[GIVEN ENTRIES]
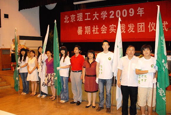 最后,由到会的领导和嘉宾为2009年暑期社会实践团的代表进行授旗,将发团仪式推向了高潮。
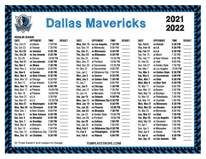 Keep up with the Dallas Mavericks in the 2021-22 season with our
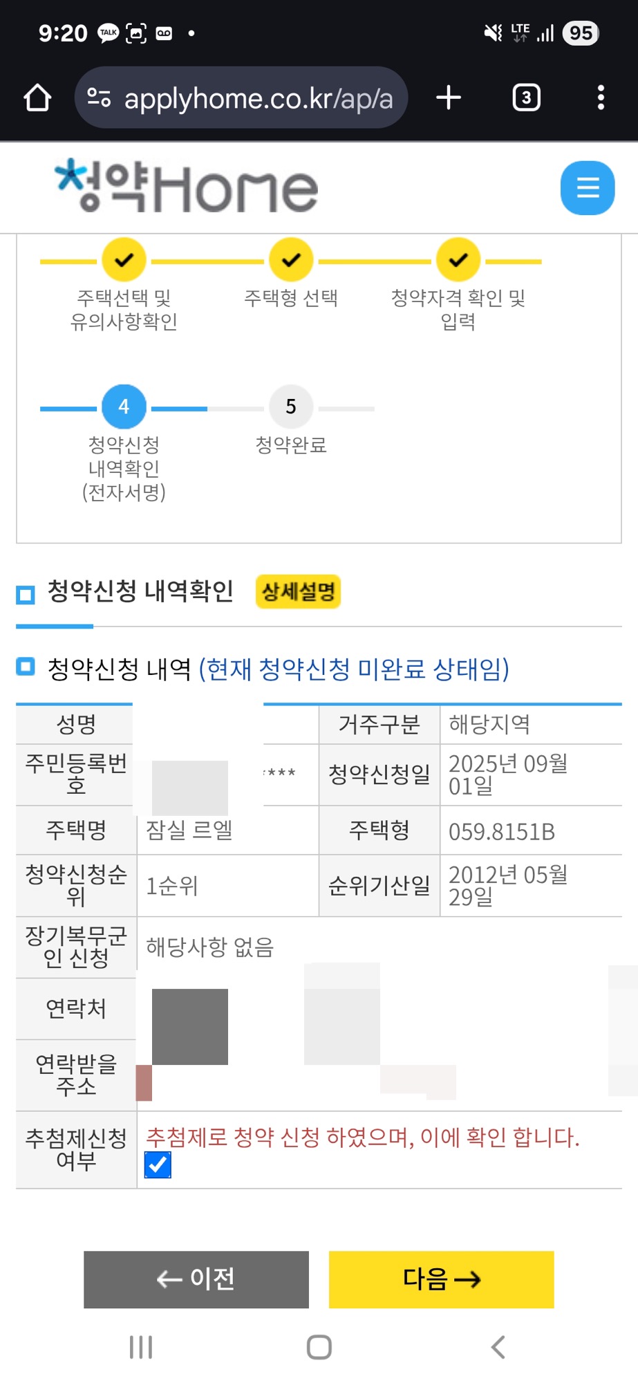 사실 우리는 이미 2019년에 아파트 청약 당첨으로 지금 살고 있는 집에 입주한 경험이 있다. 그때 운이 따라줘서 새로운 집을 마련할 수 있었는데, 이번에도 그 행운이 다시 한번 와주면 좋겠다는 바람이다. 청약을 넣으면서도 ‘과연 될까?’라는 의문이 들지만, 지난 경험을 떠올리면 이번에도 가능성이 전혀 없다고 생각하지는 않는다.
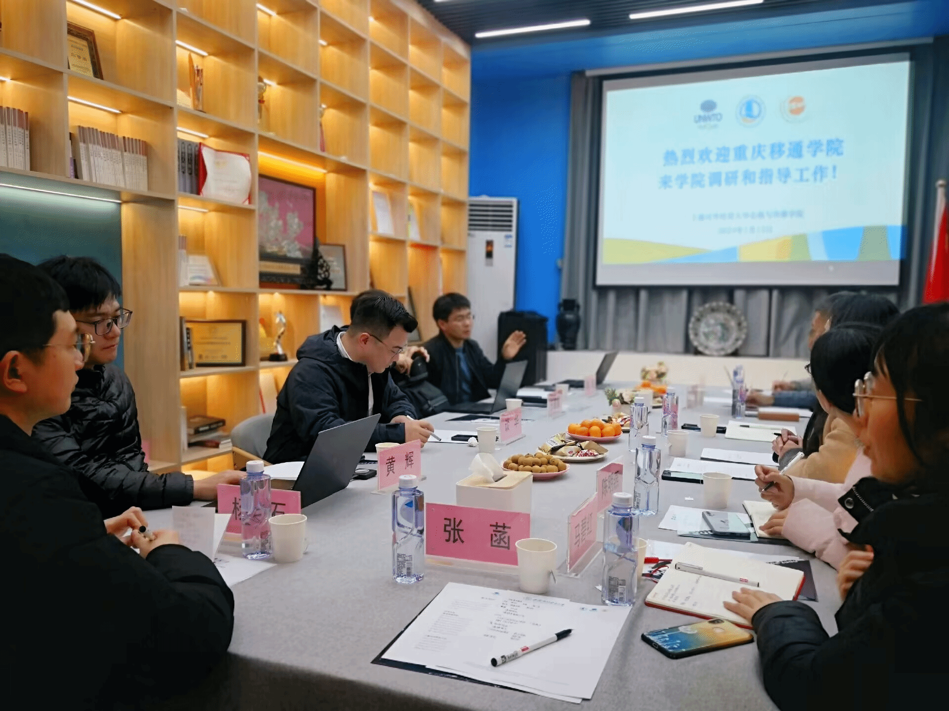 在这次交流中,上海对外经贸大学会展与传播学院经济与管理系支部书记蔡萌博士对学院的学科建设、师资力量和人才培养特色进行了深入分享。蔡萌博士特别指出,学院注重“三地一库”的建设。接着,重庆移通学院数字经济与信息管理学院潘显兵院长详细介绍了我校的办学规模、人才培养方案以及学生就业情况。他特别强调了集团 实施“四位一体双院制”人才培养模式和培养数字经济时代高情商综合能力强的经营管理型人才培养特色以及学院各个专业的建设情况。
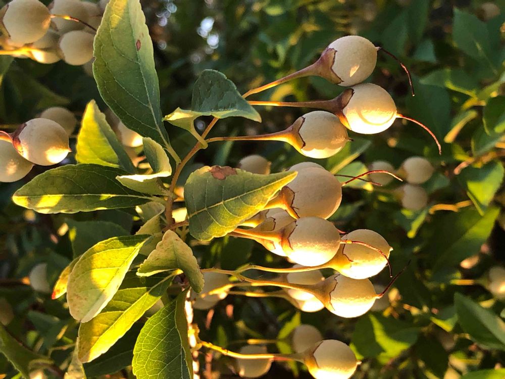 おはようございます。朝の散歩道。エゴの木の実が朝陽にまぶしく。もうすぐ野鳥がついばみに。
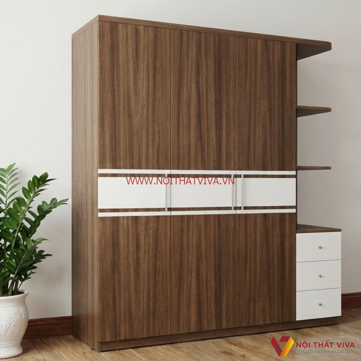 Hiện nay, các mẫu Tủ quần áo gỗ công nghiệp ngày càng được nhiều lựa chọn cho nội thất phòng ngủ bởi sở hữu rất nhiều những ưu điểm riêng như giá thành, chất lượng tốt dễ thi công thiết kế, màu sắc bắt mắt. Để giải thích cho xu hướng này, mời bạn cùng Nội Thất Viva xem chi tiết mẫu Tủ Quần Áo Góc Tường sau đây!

--

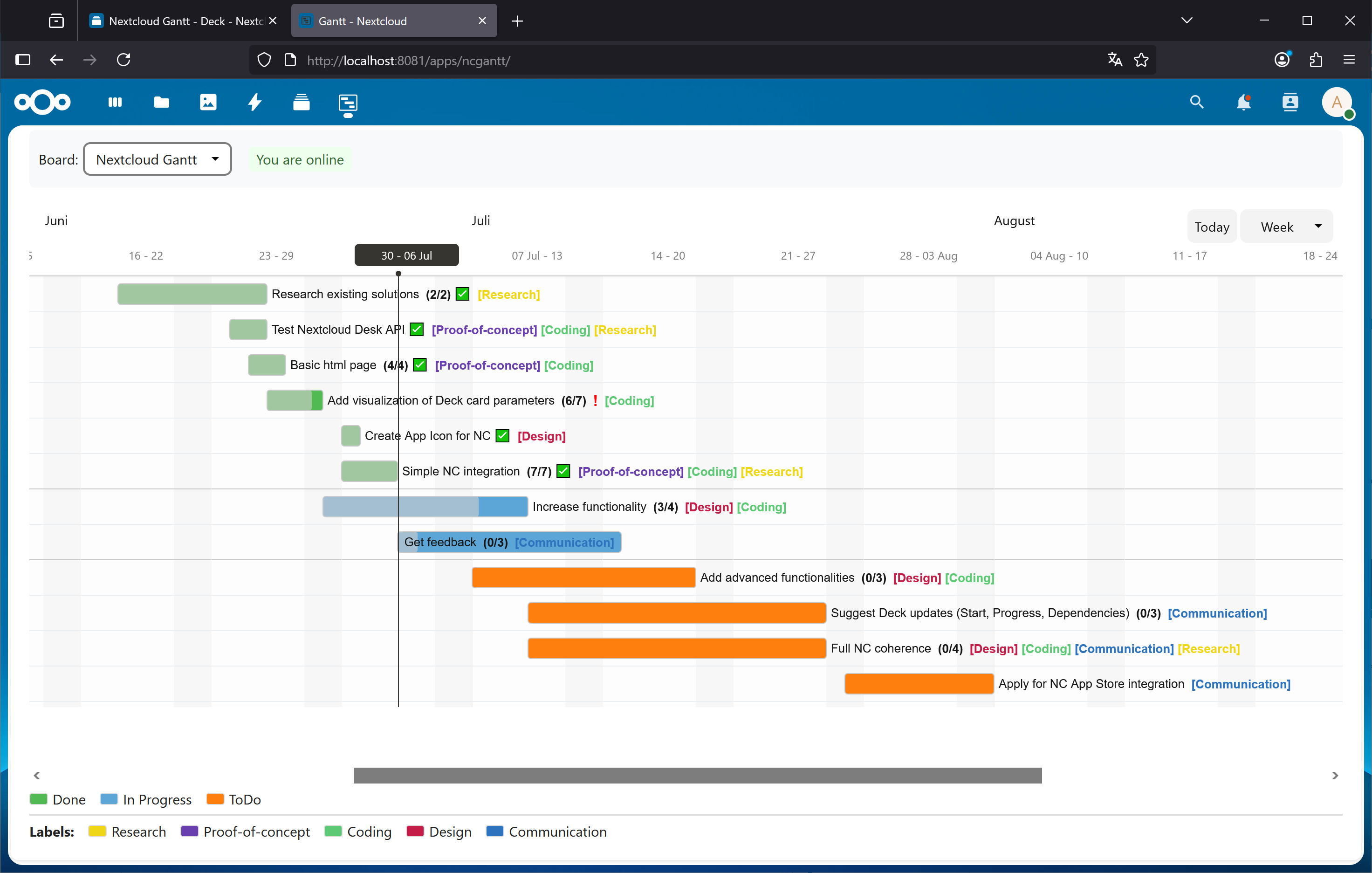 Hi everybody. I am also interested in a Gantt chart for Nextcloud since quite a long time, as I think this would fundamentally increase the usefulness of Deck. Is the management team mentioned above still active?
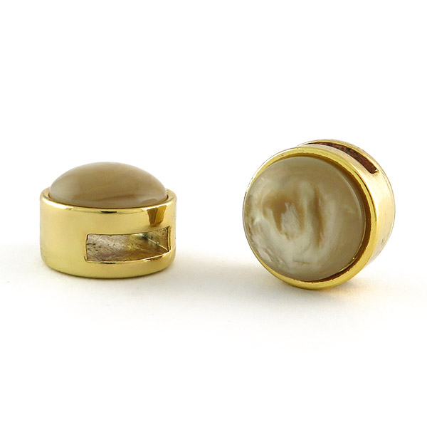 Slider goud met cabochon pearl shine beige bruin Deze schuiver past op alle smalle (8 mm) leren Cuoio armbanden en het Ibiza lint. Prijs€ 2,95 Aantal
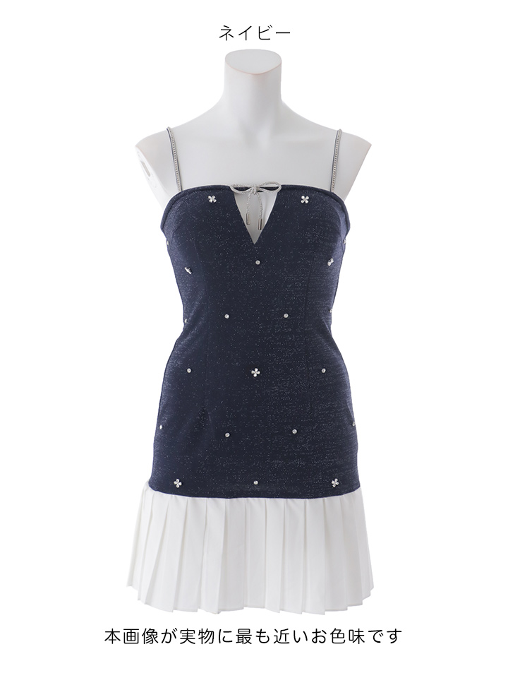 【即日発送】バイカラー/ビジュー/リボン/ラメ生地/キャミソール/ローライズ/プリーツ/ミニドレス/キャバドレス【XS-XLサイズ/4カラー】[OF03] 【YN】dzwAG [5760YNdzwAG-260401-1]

[WORK TO COMPLETE] An exact copy is needed of the entries above, starting at the line that holds "사실 우리는 이미 2019년에" and stopping at the line that holds "おはようございます。朝の散歩", both kept; pictures stay out.

[PROBLEM SOLUTION]
 사실 우리는 이미 2019년에 아파트 청약 당첨으로 지금 살고 있는 집에 입주한 경험이 있다. 그때 운이 따라줘서 새로운 집을 마련할 수 있었는데, 이번에도 그 행운이 다시 한번 와주면 좋겠다는 바람이다. 청약을 넣으면서도 ‘과연 될까?’라는 의문이 들지만, 지난 경험을 떠올리면 이번에도 가능성이 전혀 없다고 생각하지는 않는다.
 在这次交流中,上海对外经贸大学会展与传播学院经济与管理系支部书记蔡萌博士对学院的学科建设、师资力量和人才培养特色进行了深入分享。蔡萌博士特别指出,学院注重“三地一库”的建设。接着,重庆移通学院数字经济与信息管理学院潘显兵院长详细介绍了我校的办学规模、人才培养方案以及学生就业情况。他特别强调了集团 实施“四位一体双院制”人才培养模式和培养数字经济时代高情商综合能力强的经营管理型人才培养特色以及学院各个专业的建设情况。
 おはようございます。朝の散歩道。エゴの木の実が朝陽にまぶしく。もうすぐ野鳥がついばみに。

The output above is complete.